"Raising a kid is part joy and part guerrilla warfare."
~Ed Asner

Sunday, October 24, 2010


Dear Amie,

We need to have a talk.  On Friday you went with Izzie on her field trip to an apple orchard and farm.  You fed the ducks; pet chickens, sheep, and even a baby piglet.  You got to see the horses and spend time holding the bunnies.  You went on a hay ride and finished off the day by picking out a pumpkin to take home.  I know that you wanted to be a part of Izzie's first field trip.  I understand that you adore fall and anticipate going to the apple orchards and farms.  You thought you would be okay if you pumped your lungs full of steroids and drugged yourself up with Benedryl.  You can't fool me.  While you were doing your best to smile and enjoy yourself on the hay ride, your lungs were working overtime just to get air.  I saw what you were thinking.  What would happen if you passed out?  How embarrassing would that be?  You left your Epi-Pen in the truck.  How long would it take for someone to retrieve it?  Would they be there in time?  Your face was smiling, your mind was racing, and your lungs were doing everything they could to keep up.  Your sweater and jeans covered the hives breaking out all over your body and your sunglasses hid puffy, red eyes that made you look like a stoner.  You did a pretty good job of keeping it together, minus one incident in the bathroom when you took your sunglasses off and one of the parents gave you a questioning look to your stoner gaze, in which you responded, "I have allergies."

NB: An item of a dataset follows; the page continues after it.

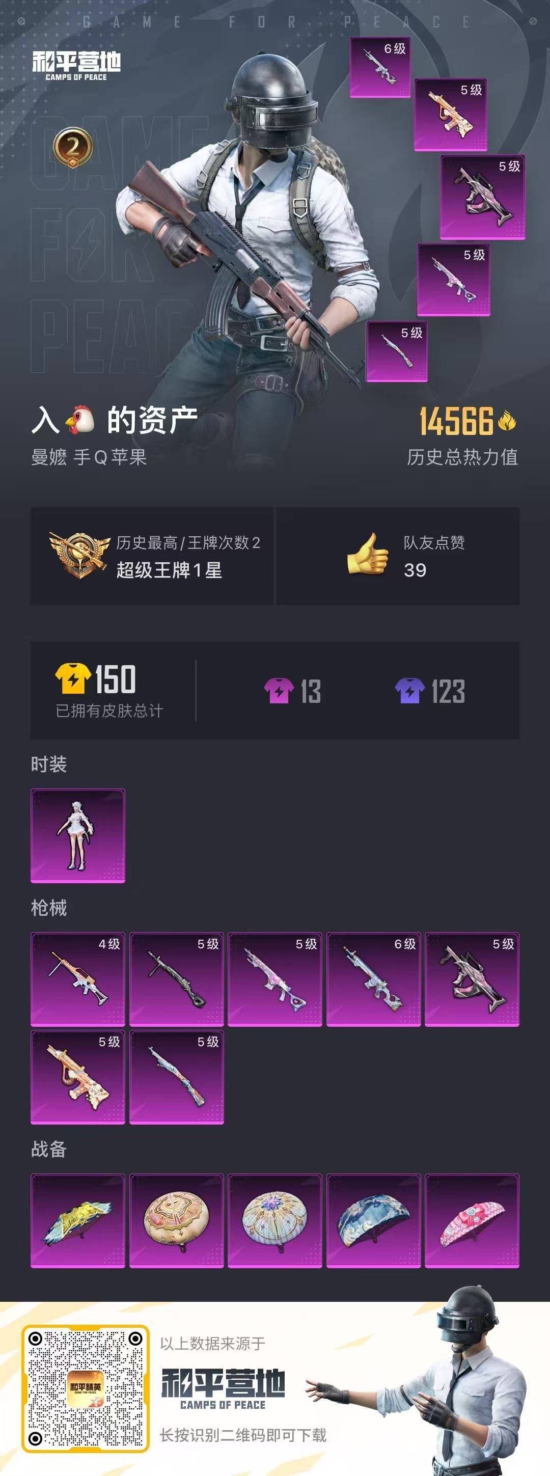 - PX_2094938- 苹果手Q-8王牌印记-4粉装-9特效枪-1载具-61888热力值-142套装-184枪皮-1卓越印记-0传奇印记 【4粉装】,放客神游,星穹咏叹调,千金淑猫,月影灵韵 【9特效枪】AKM-幽焰骑士-3级 M416-墨龙九天-3级 GROZA-镜光银凌-5级 AUG-暖羊咩咩-5级 Kar98K-巳巳如意-5级 M24-镜域双华-3级 SVD-月影灵韵-5级 DP-28-千金

This is the thing.  You are not a farm girl.  You can't pet the animals.  You can't walk through the fields.  And you really, really can't go on hay rides.  Just don't do it.  I don't enjoy scraping you off the living room floor from an over medicated state of extreme drowsiness.  I hate Calamine.  Not enough ice packs and eye drops in the world can help your face when you been taken over by allergies.  Hawking up loogies and hacking like a smoker are not your best qualities and quite frankly, embarrassing in public. 

Tempting as it is to pick up produce and cider from the orchards right now, let's just stick to the roadside and local markets.  And the next time you feel the urge to pet a baby lamb or romp around in some hay, think of that moment...Friday night, when you thought you took your last constricted breath, before shoving an Epi-Pen in your thigh, that in my opinion is a brutal and completely preventable course of action.

Repeat after me.  I am not a farm girl.  I am not a farm girl.  I am not a farm girl.